I would love to see a walkthrough on how you created that night time image - from povanim export to lighting to final povray render. I always feel you can’t have too many tutorials on lighting. People seem to cover modelling quite extensively, but lighting is more challenging and more important in most cases.
Looking forward to seeing more of your work, and hopefully a tutorial.
Aww Love the night scene! I can just imagine the feel of those vinyl/leather chairs
Night scene looks very real
I made little improvements in day scenes. Now I’m using trick with saving povray radiosity data, and rendering time is few times lower then before, with more details
It’s hard to get more shadows because of big window at front.

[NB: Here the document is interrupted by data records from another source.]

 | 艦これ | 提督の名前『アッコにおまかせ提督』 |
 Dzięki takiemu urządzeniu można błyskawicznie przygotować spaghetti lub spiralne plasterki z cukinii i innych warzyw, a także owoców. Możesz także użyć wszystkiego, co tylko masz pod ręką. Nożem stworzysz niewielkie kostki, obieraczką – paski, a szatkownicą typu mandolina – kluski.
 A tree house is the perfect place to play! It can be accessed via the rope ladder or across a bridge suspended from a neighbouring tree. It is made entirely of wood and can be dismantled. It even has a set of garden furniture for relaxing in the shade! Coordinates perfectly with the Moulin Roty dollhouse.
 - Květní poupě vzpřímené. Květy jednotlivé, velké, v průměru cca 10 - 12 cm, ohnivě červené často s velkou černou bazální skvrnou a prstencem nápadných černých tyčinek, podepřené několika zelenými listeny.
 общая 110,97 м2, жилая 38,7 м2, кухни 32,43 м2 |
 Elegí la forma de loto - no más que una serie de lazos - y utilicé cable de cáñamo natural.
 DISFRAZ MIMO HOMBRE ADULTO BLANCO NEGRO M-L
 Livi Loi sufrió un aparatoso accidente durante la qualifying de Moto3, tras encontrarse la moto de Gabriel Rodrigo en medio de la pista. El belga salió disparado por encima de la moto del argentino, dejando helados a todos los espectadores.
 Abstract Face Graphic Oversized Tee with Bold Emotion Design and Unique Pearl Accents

bump it back up totally killed your night scene - edges are very jaggy in all scenes
and the mirror on the night scene window is way to much
The objects in the room would have soft shadows, due to the main light source being the window and the daylight being reflected around the inside of the room. There are enough shadows present in the new daytime and night time renders, but the others need the objects to have more shadow.
There looks to be enough shadow present from the room, it’s just the objects’ shadows that I think need tweaking. Maybe you can use a softer version of the shadow map from the new daylight scene.
Sonix.
Nice test!
There seems to be a problem with your recursion limit in the radiosity block in POV-Ray in both images.

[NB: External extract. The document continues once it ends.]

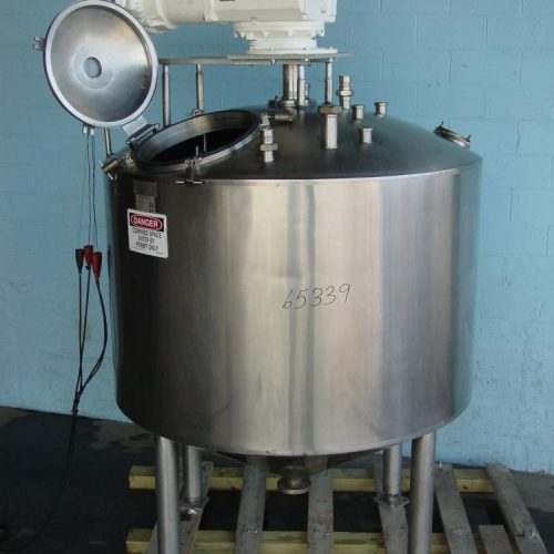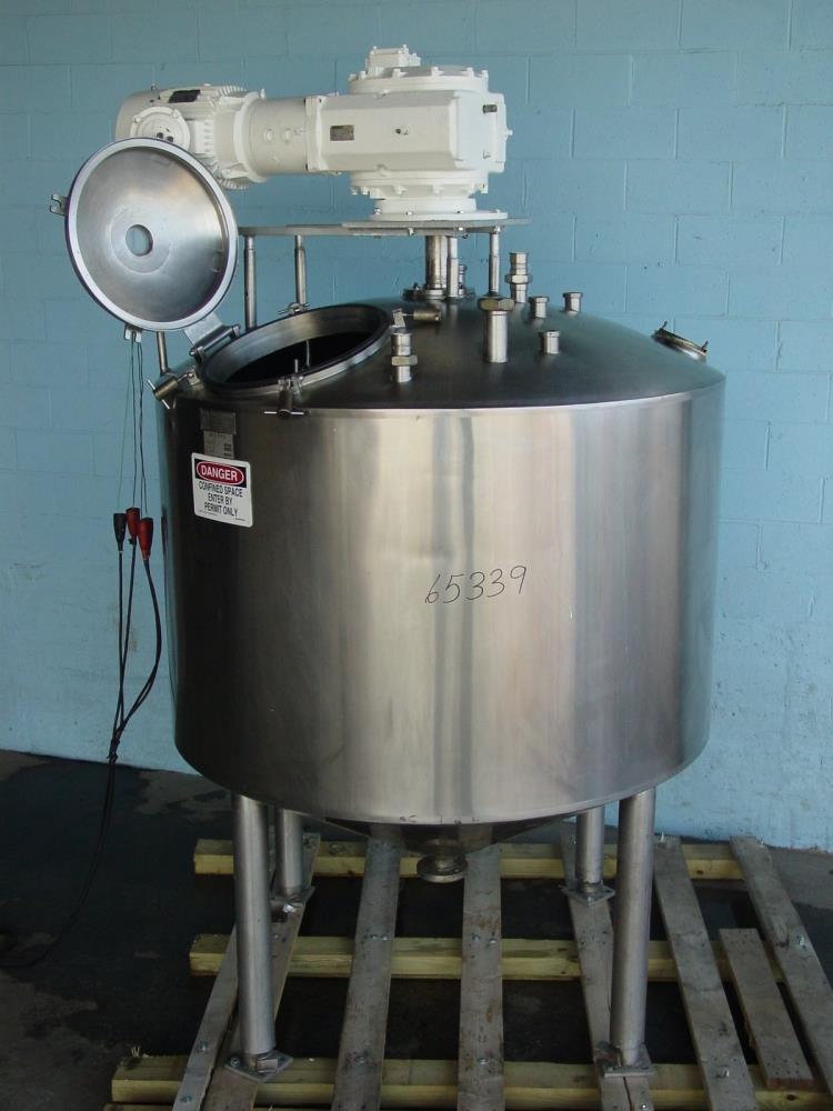 500 Gallon Cherry Burrell Model EPDCV 304S/S jacketed Scrape Agitated Vacuum cone processor, rated full vacuum internal with 10 PSI jacket with insulation and stainless steel external sheathing. Internal Dims: 66 in dia x 36 in straight side, 3 in (4) bolt flanges CBO, bottom thermowell port, Test pressure 22.5 PSIG. Max allowable vacuum 28 HG. Single motion scraper agitator w/scraper along the side walls only. 20in diameter manway with clamp down cover. 7 1/2 HP 3/60/230/460 top mounted agitaor drive, (2) 2in tri clamp top inlets, (4) 2in top inlets with sanitary threads, (2) 3in top inlets with sanitary threads, (1) 1in top inlet with sanitary threads, 15in discharge height. Mounted on (4) 37in tall legs with mounting pads.

The ceiling in both cases doesn’t seem to participate to the lighting of the scene in “early afternoon”, “late afternoon” and “cloudy sky”.
Tha tappears particularly in “early afternoon” where the square of light on the floor doesn’t seem to affect nearby furniture!
So increase the recursion and see what happens. I warn you in advance rendertime is going up from here^
Jean-luc: your question, my answer
interesting experiments
excelent lighting
hi,
i don’t agree with the others, that the lack of shadows is the problem. in such scene with no direct but only very diffuse light there are no “real” shadows. you just have to look around in your own home. same for mirror in window. it looks like that in real life. we are just used to filter unimportant informations when we look around. looking at a picture (especially when we know it’s artificial) that contains these informations often makes it feel strange.
but still i share the feeling that in these two daylight images there is something wrong. i would suppose, that it’s the exposure of the image. everything is too bright. a room in these lighting conditions must be much darker in the corners or e.g. in the back of the sofa. as i work with radiance i would suggest to change the exposure - maybe thisworks in povray too. i nradiance you can do that even after the image has been rendered, cause it stores specific values.
that are my thoughts - don’t know if i’m right.